Frank Pepe Pizzeria Napoletana, commonly known as Frank Pepe's or simply Pepe's (), is a popular pizza restaurant in the Wooster Square neighborhood of New Haven, Connecticut, at 163 Wooster Street. Opened in 1925, it is one of the oldest and best known pizzerias in the United States.

Frank Pepe 
Pepe's was founded in 1925 by Frank Pepe (April 15, 1893 – September 6, 1969), an Italian immigrant. Pepe was born in Maiori, Italy, and immigrated to New Haven in 1909 when he was a teenager. The quintessential Wooster Square Italian immigrant took a job at a New Haven factory, but wasn't fond of continuing there. During World War I, Pepe went back to Italy to fight for his native country. Upon returning, he soon landed a job working at a bakery on Wooster Street.  Pepe began walking through the Wooster Square market and sold his "tomato pies" off of a special headdress. After saving enough money, he was able to buy a wagon from which he sold his pizzas. He was so successful that he was eventually able to take over his employer's business and turn it into the first "Frank Pepe Pizzeria Napoletana" on June 16, 1925. Frank Pepe died on September 6, 1969.

Restaurant history 
Pepe's originated the New Haven-style thin-crust apizza (closely related to Neapolitan-style Italian pizza) which he baked in a coal-fired brick pizza oven. Originally, Frank Pepe only made two varieties of pizza: the "tomato pie" (tomatoes with grated  pecorino romano cheese, garlic, oregano, and olive oil) and the other with the addition of anchovy.
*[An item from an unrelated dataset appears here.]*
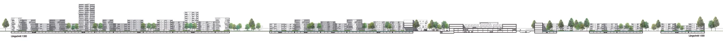 Das Projektgebiet erhält dadurch eine übergeordnete Rhythmisierung, welche durch die Gliederung von zusammenhängenden, größeren Freiräumen und Plätzen verstärkt wird. Diesen Freiraum- und Platzsituationen sind die bürgerschaftlichen, sozialen und gewerblichen Nutzungen zugeordnet.

The piece of land which Pepe's restaurant sat on was owned by the Boccamiello family. They later made Frank Pepe leave so that they could start their own pizzeria at the establishment, which they renamed The Spot. Pepe moved his restaurant to its current location next door to The Spot in 1936. The Pepe family later bought back The Spot from the Boccamiello family in 1981 and it now serves the same menu as the older restaurant.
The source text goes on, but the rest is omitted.